I mean, yeah hopefully. We can definitely do a better job of treating each other better, but we try to portray that. It shouldn’t be a surprise to anyone who knows us that we’re respectful to women we come across. We don’t really judge anyone based off something we’re ignorant of. We definitely encourage everyone that’s a fan of us to be a fan of acceptance and respectfulness.

A:

A lot of people forget you rappers and singers are humans, you deal with real problems and fame doesn’t make everything okay. Money doesn’t make everything okay. It might even create more issues for you. What are some ways you all maintain your sanity as a group with everything happening? With a lot of work to do and music to put out, how do you balance supporting each other?

Ace:

That can only be explained in detail, but me I take everything in until I can explain it so that even those who are offended can hear it without shooting it down. It’s something you can always learn from, everything you take in you can learn from it. I encourage people to treat each other with respect and portray that that’s where my head is at. If anyone ever reaches out to me to talk about their situation, whether I’ve been in it or not I’m gonna share my sympathy with them. That’s the time they need me. They listen to my music, I can listen to their issues.

A:

When all is said and done, career is over, you’ve achieved everything you wanted to achieve and people are looking back 30 years later - what’s the one thing you all want to be remembered for?

2For

The name is self-explanatory. We wanna be known for being The Homies. We were respectable and were respected. Genuine people who came to you with open arms, no negative energy given. So hopefully, it gets contagious.

Ace:

We want to represent an idea more than our music. People speak on Will Smith and a certain emotion comes across before you even get to the fact he was a rapper before he started acting. Queen Latifah or anyone who when you hear their name, before you even think about what they’ve done you think about how you feel. We want to inspire others. We do a lot of stuff in-house for The Homies and it’ll be dope to see other artists say “y’all came up, did this” and now they’re inspired to take their music to another level beyond where it is now.

A:

Well, much success to you guys.
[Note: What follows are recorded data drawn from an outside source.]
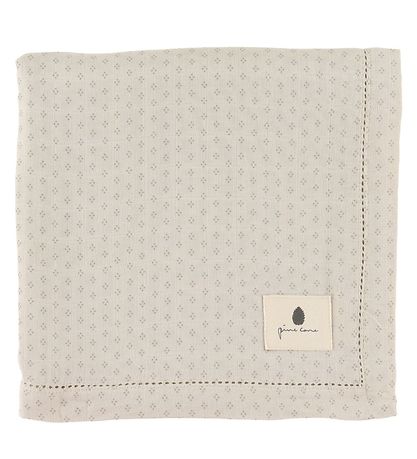 Schönes Pine Cone Wickeltuch in Cremeweiß mit einem Allover in Grau. Im Rand befindet sich ein feines Lochmuster.
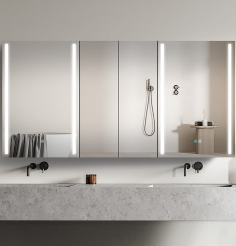 You can choose any size medicine cabinets according to your own needs. You can make it as 40 inch, 50 inch and 60 inch medicine cabinets by choosing our big size LED medicine cabinet and small medicine cabinet. You can put them together or separately install them easily. Easy to move and install.
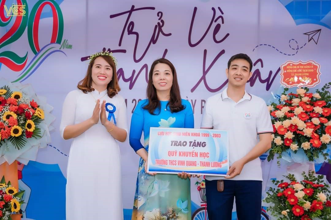 Sự trở về thắm đượm tình nghĩa thầy trò, dạt dào tình cảm với bạn bè, với lớp cũ, trường xưa là món quà tinh thần vô giá đối với nhà trường.Kính chúc tất cả các thế hệ nhà giáo đã và đang công tác tại trường, các cựu học sinh nói chung và các cựu học sinh niên khoá 1999 - 2003 luôn có thật nhiều sức khỏe, thành công,hạnh phúc và luôn hướng về mái trường THCS Vinh Quang - Thanh Lương thân yêu.Trân quý và biết ơn!
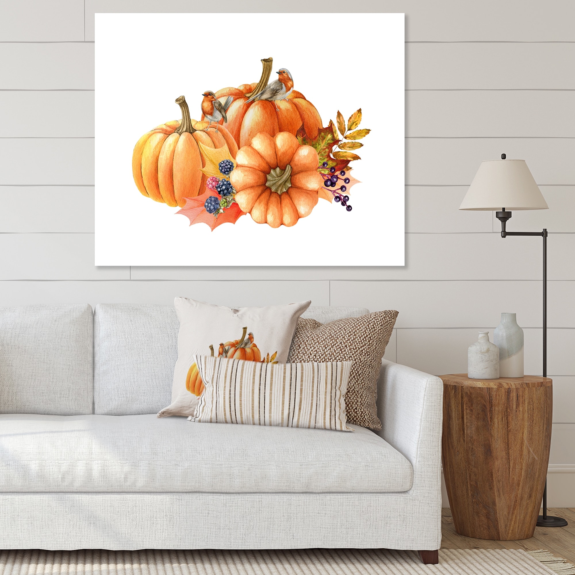 Designart "Pumpkin And Birds on White" Casual Canvas Wall Art Print
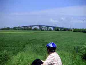Direkt über die 40 m hohe Autobrücke (mit Radstreifen) über das riesige Mündungsbecken der Seudre. Während ich am Mittelscheitel auf meine Mitradlerin warte, stelle ich mit Entsetzen fest, daß meine Vorderlampe abgebrochen ist
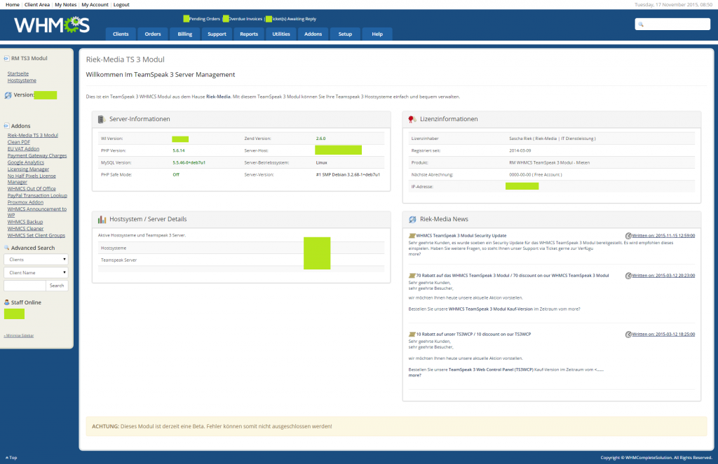 WHMCS TS3 Modul für 69,95€ Einmalig

What’s coming in 2019?

Ace:

Multiple things. “Leaf Wraps” video just dropped, and I believe we have two more singles lined up.

2For

I’m pretty sure I will be releasing my solo project in April. Shloob will have his out later in the year, and Quiis is still working on his. So it’s just a matter of when he feels comfortable with his choices of songs. Then we mix it and it’s good to go. It’s gonna be a PG flood of music.